Q. Will TLVs be required on SDS?

A.OSHA is retaining the requirement to include the American Conference of Governmental Industrial Hygienists (ACGIH) Threshold Limit Values (TLVs) on the safety data sheet (SDS) in the revised Standard. OSHA permissible exposure limits (PELs) and any other exposure limit used or recommended by the chemical manufacturer, importer, or employer preparing the safety data sheet are also required.1

Q. What about hazards not addressed by the GHS?

A.Those will be covered by a category called, “Hazards Not Otherwise Classified (HNOC).”  HNOC hazards will not be required to be disclosed on the label but must be disclosed in section 2 of the Safety Data Sheet (SDS). Chemical manufacturers and importers are expected to assess these hazards when they are evaluating physical and health hazards.1

Q. How many businesses and workers will be affected?
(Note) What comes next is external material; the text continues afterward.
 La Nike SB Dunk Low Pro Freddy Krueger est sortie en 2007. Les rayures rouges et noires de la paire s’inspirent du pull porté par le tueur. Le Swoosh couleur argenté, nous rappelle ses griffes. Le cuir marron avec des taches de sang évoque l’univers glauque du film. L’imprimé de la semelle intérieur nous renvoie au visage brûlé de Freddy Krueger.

A. OSHA estimates that more than 5 million workplaces and 43 million employees in the U.S. will be affected. Included in these figures are an estimated 90,000 establishments that create hazardous chemicals and employ almost 3 million workers.1

Q. How much will it cost industry to comply?

A. The estimated costs to industry will be $201 million a year on an annualized basis.1

Q. What are the expected benefits?

  • The prevention of 43 fatalities and 585 injuries and illnesses (amounting to a savings of $250 million a year).
  • An estimated $475.2 in productivity improvements, $32.2 million during periodic updating of SDSs and labels, and $285.3 million from simplified hazard communication training.
  • Productivity benefits resulting from the need for fewer SDSs in future years, streamlined training for employees and benefits for firms engaging in international trade.1

Q. The United Nations revises the GHS every two years. How will OSHA handle changes?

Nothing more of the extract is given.